The Senate Appropriations Subcommittee on Oklahoma Health Insurance and Human Services passed a bill last week that would create a website to permit Oklahomans to see approximate pricing information for medical procedures and pharmaceutical products. The bill requires the Insurance Department, in collaboration with the State Department of Health, to establish and maintain an online health care information system that permits consumers to see pricing information from different types of providers and pharmaceuticals. The bill states that the purpose of the website is to serve as a resource for insurers, employers, providers, purchasers of health care and state agencies to continuously review health care utilization, expenditures and performance. It would also enhance the ability of consumers and employers to make informed, cost-effective health care choices. The bill would require that the presentation of data in the system allow for comparisons in the context of geography, demographics, general economic factors and institutional size.
Also of interest is a bill passed by the Senate Rules Committee last week that would allow Oklahoma to opt out of federal health care reform requirements. The bill asserts state control in the regulation of health care, would create a compact between certain states and would set forth formulas for figuring the right to federal funds for each member state. The bill also would create the Interstate Advisory Health Care Commission and establish membership requirements and duties of the commission. Primarily the commission would assist the legislatures of member states in the regulation of health care. It states the formation of this compact is contingent upon approval from the U.S. Congress. Democrats in Oklahoma’s Senate opposed the bill, some saying that it would force Oklahoma to rely on other states for regulating Oklahomans. Both bills will continue through the legislative process, which is scheduled to end in late May.

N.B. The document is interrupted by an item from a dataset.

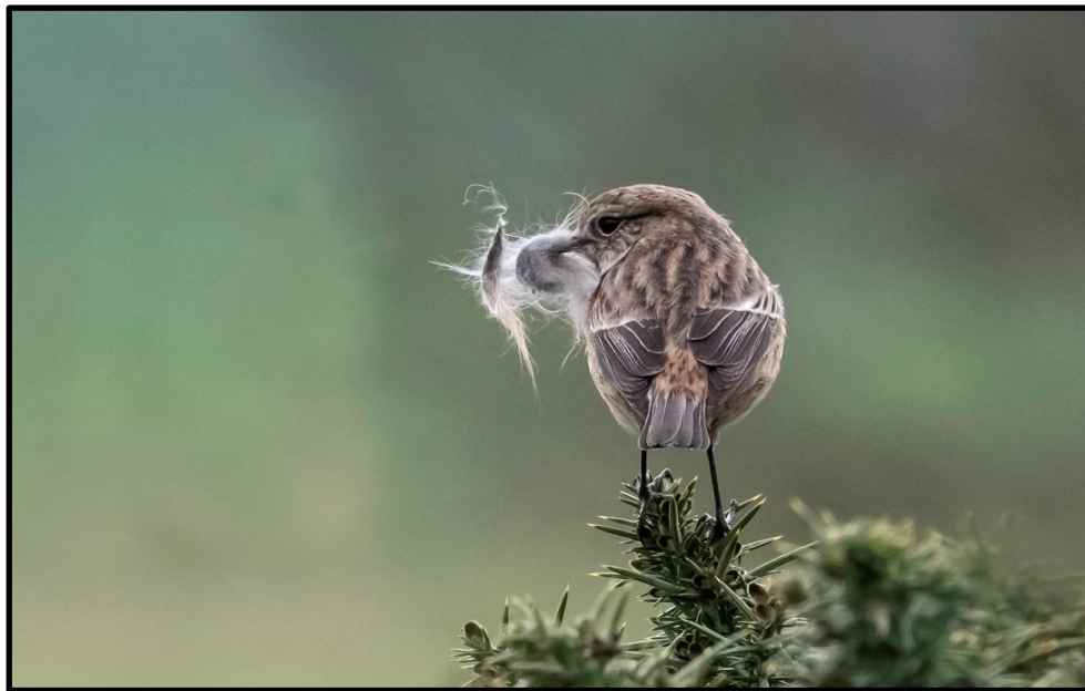
Stonechat – Nest-builder at Airbase 21 st March

Rep. John Zerwas’ bill authorizing the creation of a state Texas health insurance exchange encountered mostly smooth sailing last week when it was heard by the House Insurance Committee. Going by the name of the Connector in the bill, the primary purpose of the exchange is to prepare Texas for changes in health insurance markets set to roll out in three years as part of federal health system reform. One important change in the new bill language presented at the hearing was the absence of an individual mandate to buy an insurance product. Groups expressing support for the bill included the Texas Association of Business and the Texas Hospital Association, among others. The bill was left pending by the Committee and will likely see more changes before it is brought to a vote. The Texas legislature continues in its regular session until June 1, 2011.